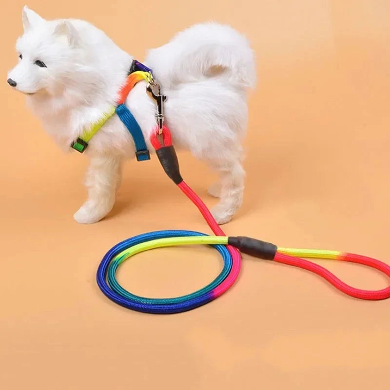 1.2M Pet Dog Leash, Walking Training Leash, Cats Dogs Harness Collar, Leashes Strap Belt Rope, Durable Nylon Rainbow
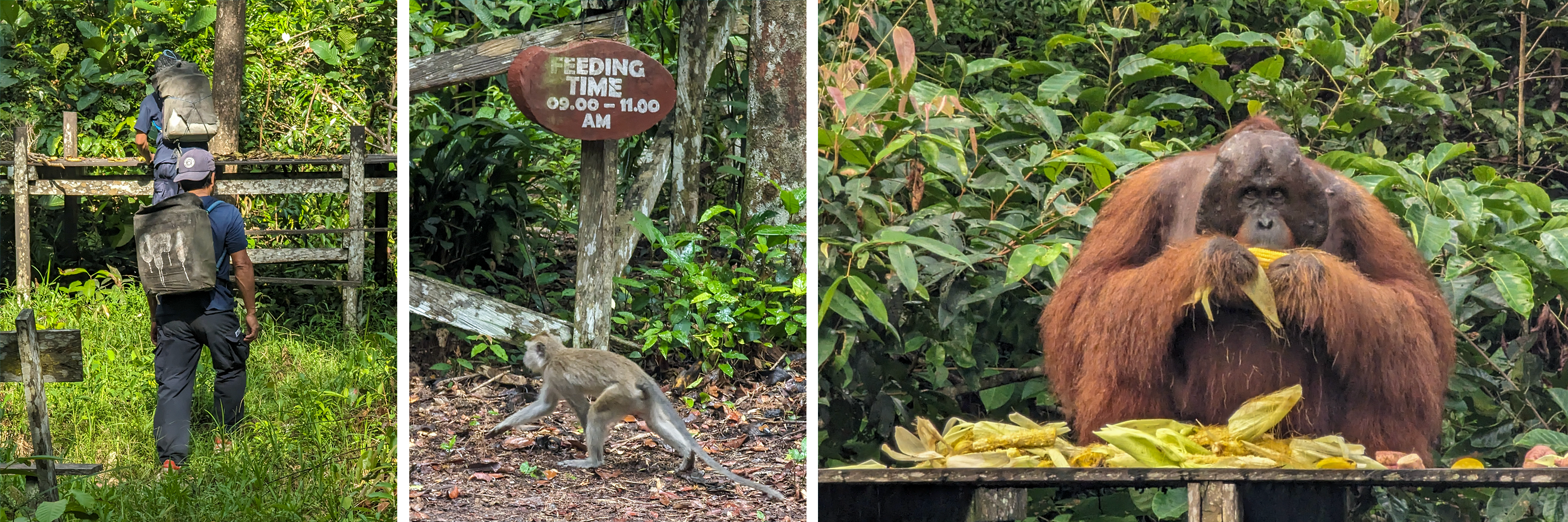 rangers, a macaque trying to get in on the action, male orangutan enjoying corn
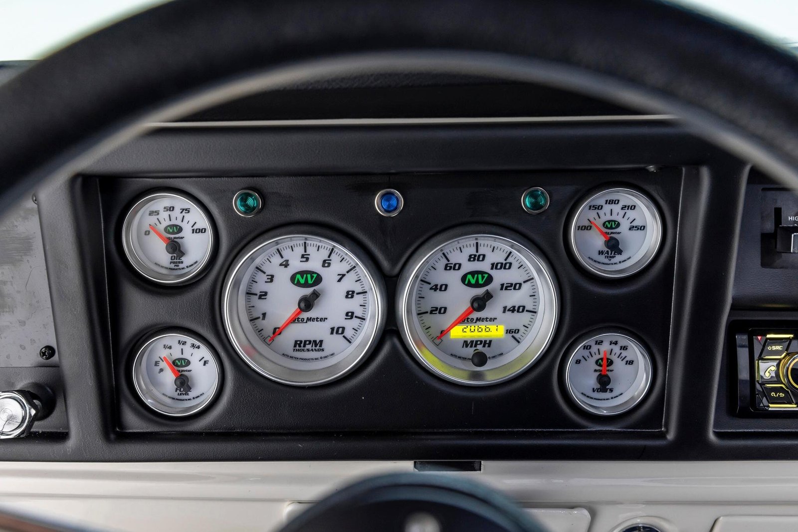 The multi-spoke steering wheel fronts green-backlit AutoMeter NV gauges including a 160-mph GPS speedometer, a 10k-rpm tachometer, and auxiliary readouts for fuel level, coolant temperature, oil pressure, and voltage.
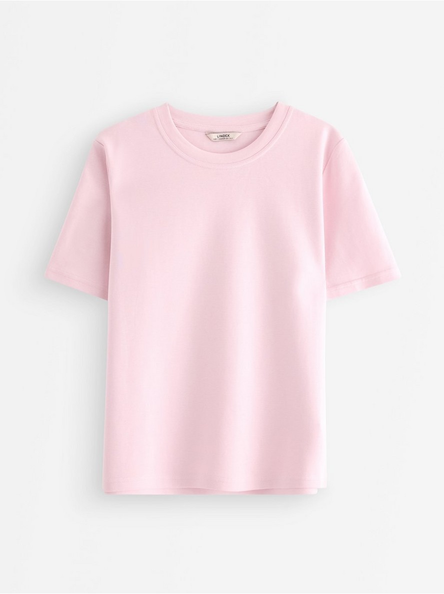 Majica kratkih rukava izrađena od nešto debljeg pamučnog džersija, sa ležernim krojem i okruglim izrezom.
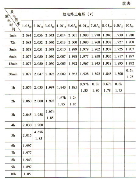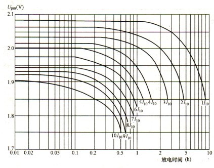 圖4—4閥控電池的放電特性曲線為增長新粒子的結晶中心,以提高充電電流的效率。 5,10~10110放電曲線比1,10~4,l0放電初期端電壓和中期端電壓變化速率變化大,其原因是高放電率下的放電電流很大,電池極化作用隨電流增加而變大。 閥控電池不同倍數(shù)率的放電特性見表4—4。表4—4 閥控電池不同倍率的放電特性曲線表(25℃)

────────────────────

**ACTION ITEM:** Whenever you reach a picture, pass over it; print all the other material exactly.

**WRITTEN SOLUTION:**
 1.2M Pet Dog Leash, Walking Training Leash, Cats Dogs Harness Collar, Leashes Strap Belt Rope, Durable Nylon Rainbow
 rangers, a macaque trying to get in on the action, male orangutan enjoying corn
 The multi-spoke steering wheel fronts green-backlit AutoMeter NV gauges including a 160-mph GPS speedometer, a 10k-rpm tachometer, and auxiliary readouts for fuel level, coolant temperature, oil pressure, and voltage.
 Majica kratkih rukava izrađena od nešto debljeg pamučnog džersija, sa ležernim krojem i okruglim izrezom.
 圖4—4閥控電池的放電特性曲線為增長新粒子的結晶中心,以提高充電電流的效率。 5,10~10110放電曲線比1,10~4,l0放電初期端電壓和中期端電壓變化速率變化大,其原因是高放電率下的放電電流很大,電池極化作用隨電流增加而變大。 閥控電池不同倍數(shù)率的放電特性見表4—4。表4—4 閥控電池不同倍率的放電特性曲線表(25℃)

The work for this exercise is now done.